DATA BLOCK:
----

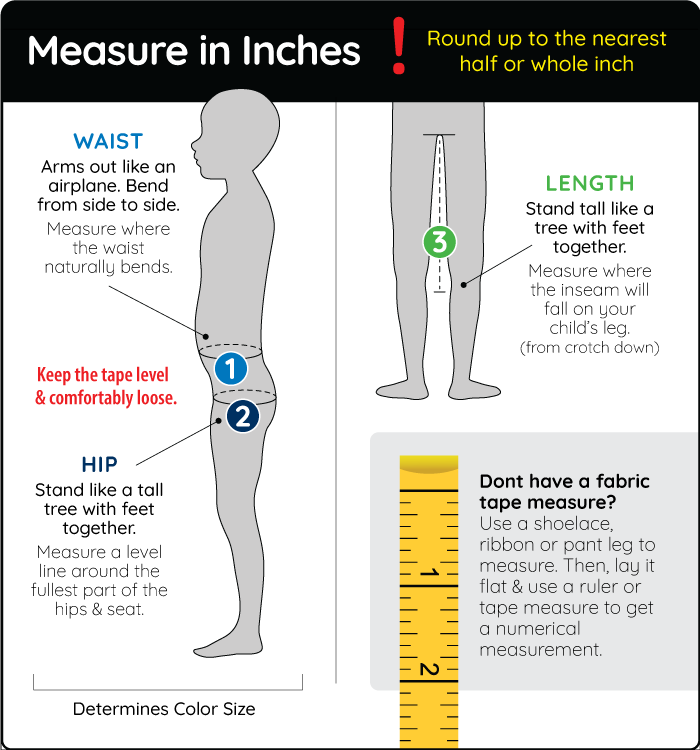 | Size | Waist | Hip | Traditional Age (Waist/Hip) | Inseam |
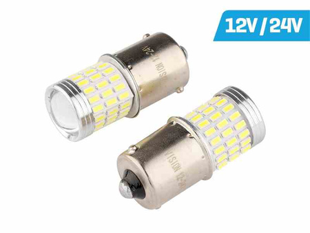 Żarówka VISION R5W/R10W BA15s 12/24V 54x 3014 SMD + 3x 3030 SMD LED, nonpolar, CANBUS, biała, 2 szt.
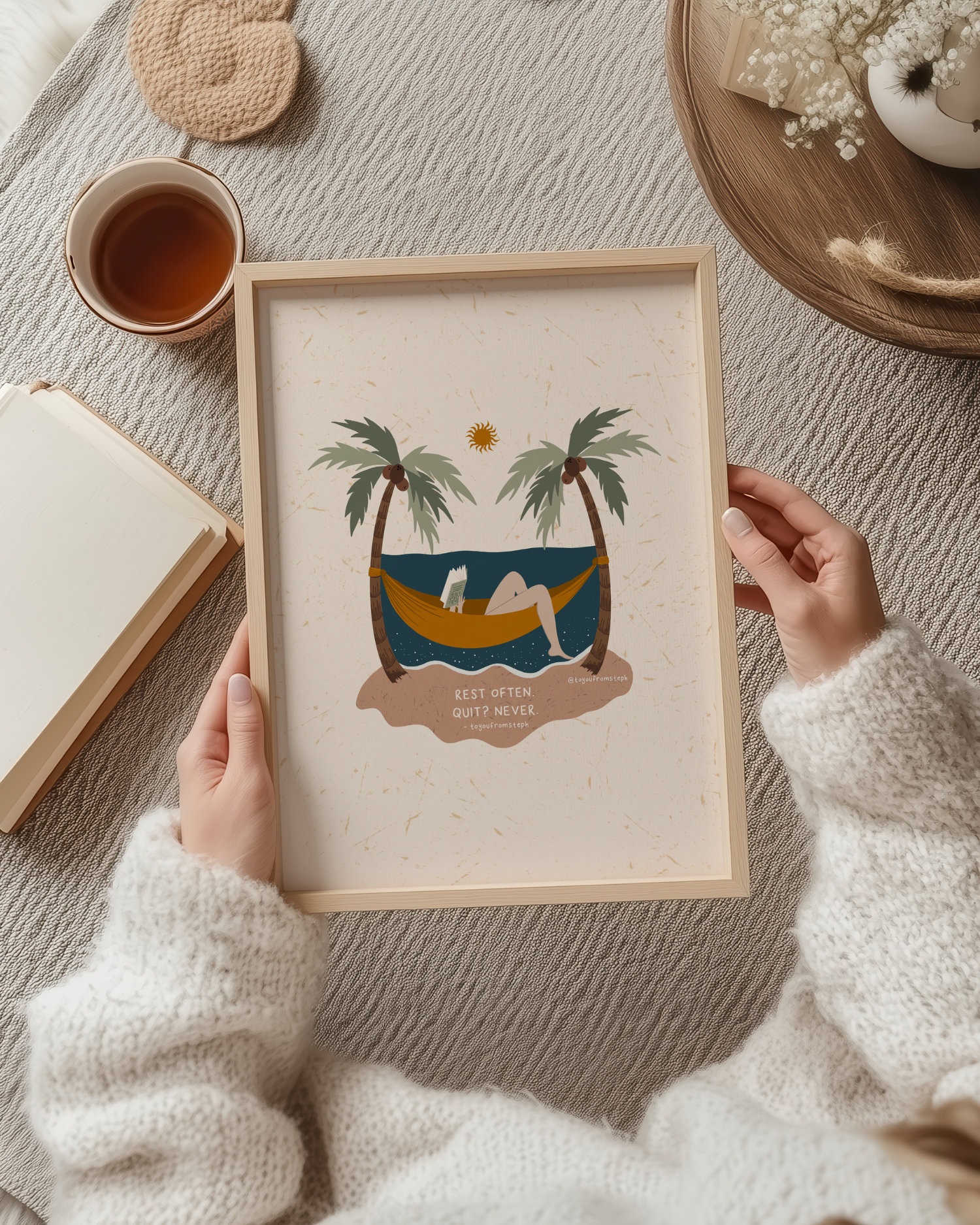 Elevate your home decor with this inspiring and motivational art print. This illustration features a powerful quote that is perfect for any woman's space. Printed on high-quality paper, this art print adds a touch of inspiration to any room. Transform your home into a haven of self-care with this beautiful print.

----

WHAT IS REQUIRED: Pictures do not belong in the copy; repeat the rest of the listing exactly.

RESULT FOR THIS TASK:
 | Size | Waist | Hip | Traditional Age (Waist/Hip) | Inseam |
 Żarówka VISION R5W/R10W BA15s 12/24V 54x 3014 SMD + 3x 3030 SMD LED, nonpolar, CANBUS, biała, 2 szt.
 Elevate your home decor with this inspiring and motivational art print. This illustration features a powerful quote that is perfect for any woman's space. Printed on high-quality paper, this art print adds a touch of inspiration to any room. Transform your home into a haven of self-care with this beautiful print.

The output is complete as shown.